A list of these genes can be accessed in output,
see vignette for example.
Finding K for Condition 1
Trying K = 1
Trying K = 2
Trying K = 3
Trying K = 4
Trying K = 5
Trying K = 6
Trying K = 7
Done!
counts <- SingleCellExperiment::normcounts(DataNorm)
summary(colSums(counts))
Min. 1st Qu. Median Mean 3rd Qu. Max.
54112972 56272666 56519431 58933473 57764297 116031129
dim(counts)
[1] 21907 74
It is well known that the number of detected genes in each cell explains a very large portion of variability in scRNA-Seq data (Hicks et. al. 2015 BioRxiv, McDavid et. al. 2016 Nature Biotechnology). Frequently, the first principal component of log-transformed scRNA-Seq read counts is highly correlated with the number of detected genes (e.g., r > 0.9).

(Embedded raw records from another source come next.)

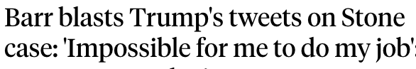 “The President has never asked me to do anything in a criminal case.” A.G. Barr This doesn’t mean that I do not have, as President, the legal right to do so, I do, but I have so far chosen not to!
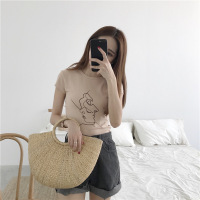 YIBUSHENG辣妹卡通猫咪印花黄色短袖t恤女季短款紧身显瘦多巴胺穿搭上衣
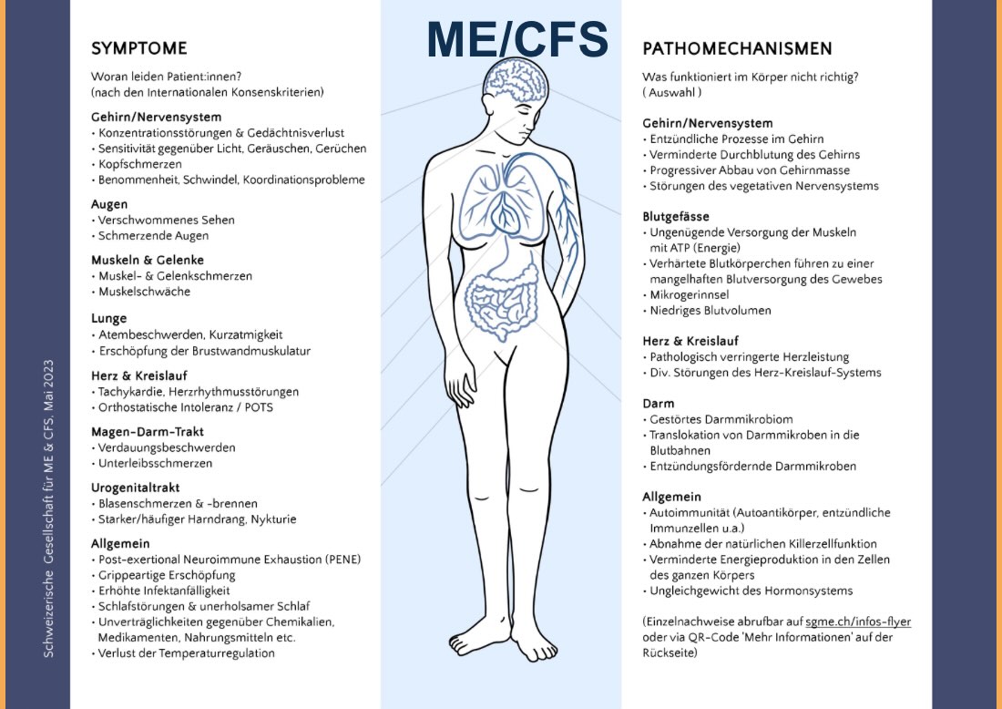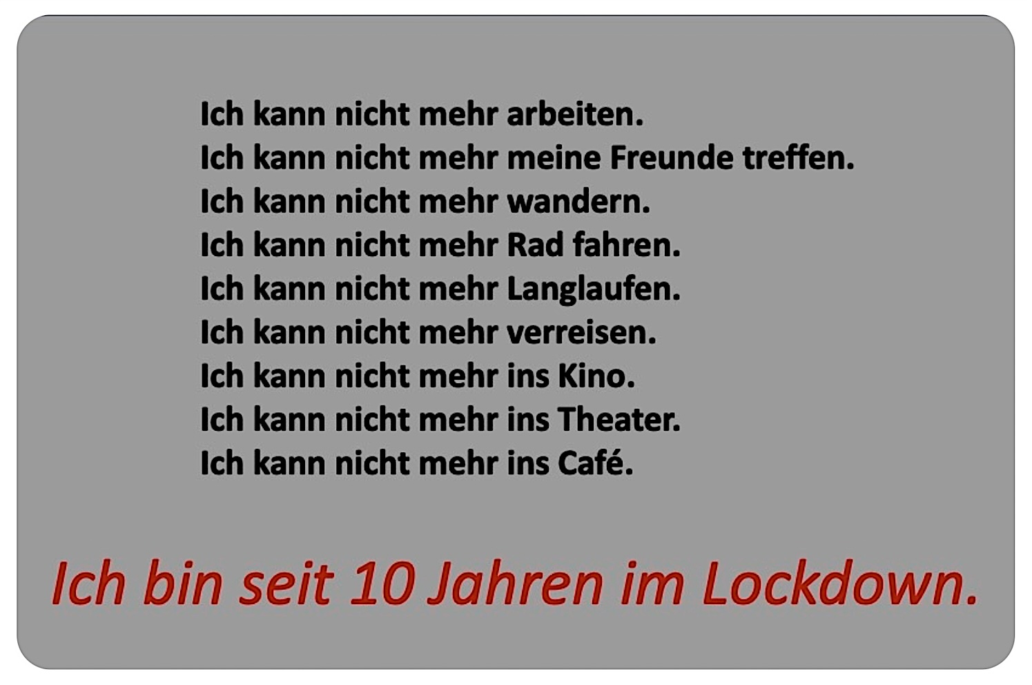 ME/CFS ist eine schwere Multisystemerkrankung, die bei einem Großteil der Betroffenen zum Verlust der Arbeitsfähigkeit und bei vielen zur umfassenden Pflegebedürftigkeit führt.

Here, we calculate the number of detected genes for glioblastoma cells, which will be used as an known factor in the IA-SVA analyses.
Num_Detected_Genes <- colSums(counts>0)
Geo_Lib <- colSums(log(counts+1))
summary(Geo_Lib)
Min. 1st Qu. Median Mean 3rd Qu. Max.
48594 55663 60062 60197 62882 99461
barplot(Geo_Lib, xlab="Cell", las=2, ylab = "Geometric library size")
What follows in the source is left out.